Este será um artigo dedicado aos objetos delicados das mães e das avós. São vistos apenas uma ou duas vezes por ano, durante o resto do ano estão dentro de um armário fortificado e envidraçado, de onde meramente conseguimos vislumbrar a sua brancura. Têm a sua devida utilidade, apenas quando a mãe ou avó assim o entendem, ou seja, no Natal, na Páscoa ou num jantar de ocasião especialíssima. São objetos que foram comprados com consciência, com uma certeza de que serão o tesouro mais bem guardado lá de casa. São para a vida toda!
Os filhos e netos oferecem-se para pôr a mesa, mas no segundo seguinte arrependem-se. Sabem que cada movimento milimétrico está a ser controlado, e se houver um movimento em falso, ouvem: “CUIDADO, há mais de 50 anos que tenho esses Vista Alegre sem uma lasca!”
Desde 1824 que estes objetos delicados ocupam orgulhosamente as mesas de Portugal e além-fronteiras. Depois do consentimento do rei, foi em Ílhavo erguida a primeira fábrica de porcelana de Portugal. José Ferreira Pinto Basto, um senhor muito à frente do seu tempo, responsabilizou-se por trazer uma técnica, até então desconhecida em Portugal.
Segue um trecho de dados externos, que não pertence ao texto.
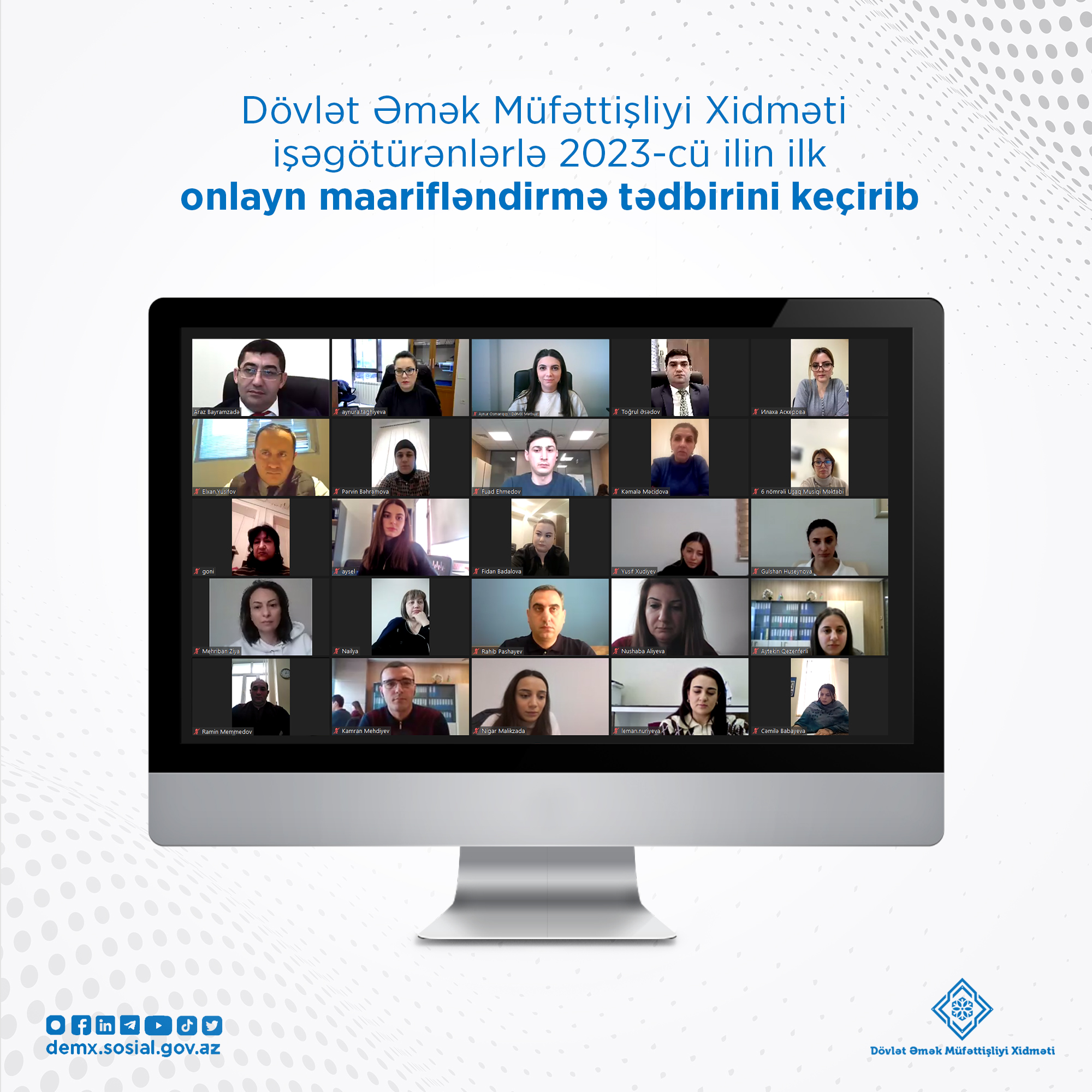 Əmək və Əhalinin Sosial Müdafiəsi Nazirliyi yanında Dövlət Əmək Müfəttişliyi Xidməti işəgötürənlər üçün "ƏMAS-ın imkanları və yeniliklər" mövzusunda cari ilin ilk onlayn maarifləndirmə tədbirini keçirib.
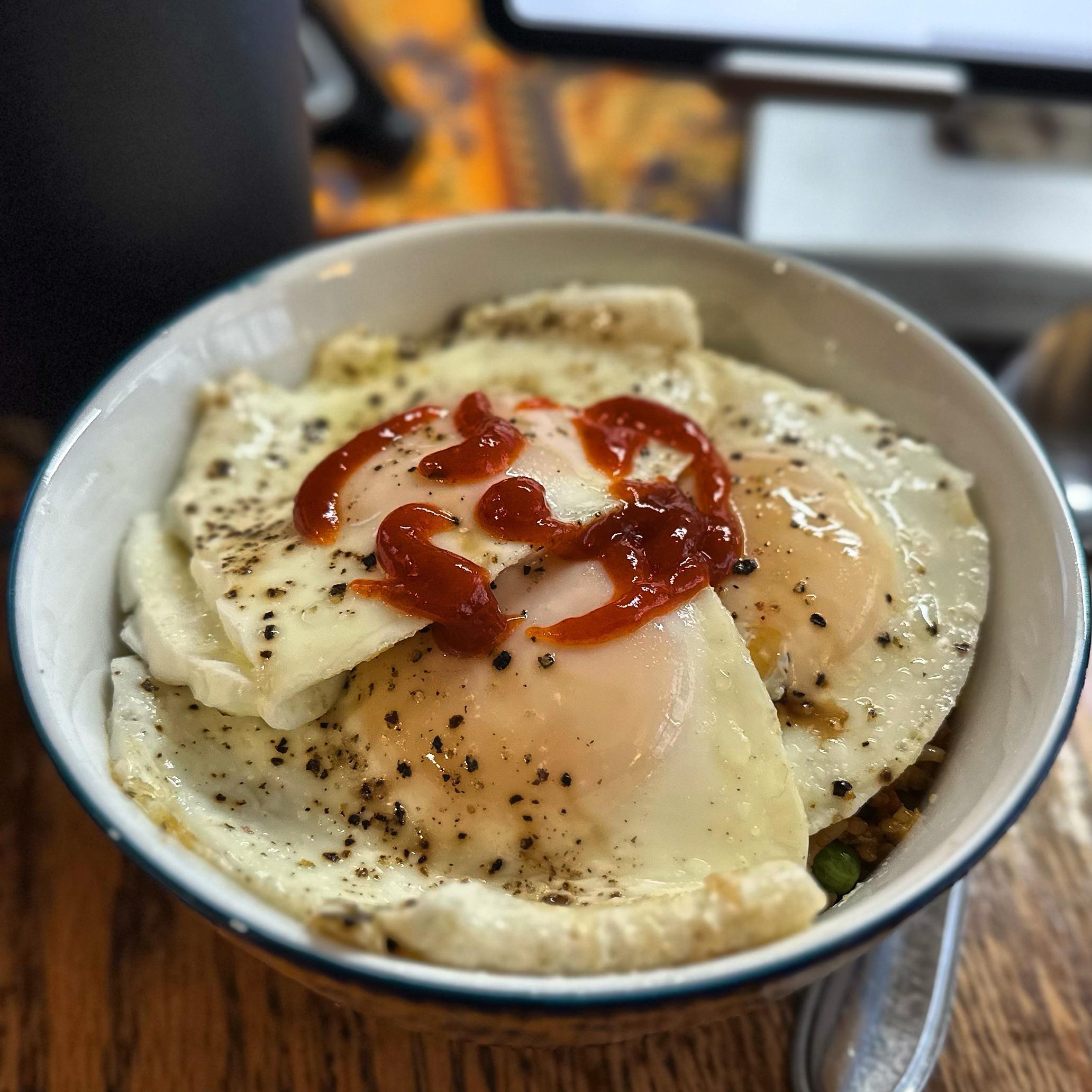 Over Medium & Chicken Fried Rice with Sweet Sambal (Indonesian Chili Sauce) by dauerad 1 Comment SimpleVegetable5715 3 years ago Three eggs! How luxurious!Write A CommentYou must be logged in to post a comment.

O fundador mudou o chavão “o segredo é a alma do negócio”, para “a paciência é a alma do negócio”. Foram precisos dez anos até ser lançada a primeira peça de porcelana naquela fábrica. Nesses dez anos a fábrica não parou, os operários aprenderam a dominar a técnica de moldar e pintar a porcelana até à perfeição. Para garantir sustento a todas as famílias dos operários, foram produzidas peças de vidro com relevos e ornatos lapidados, afinal Portugal já tinha um historial de vidreiros.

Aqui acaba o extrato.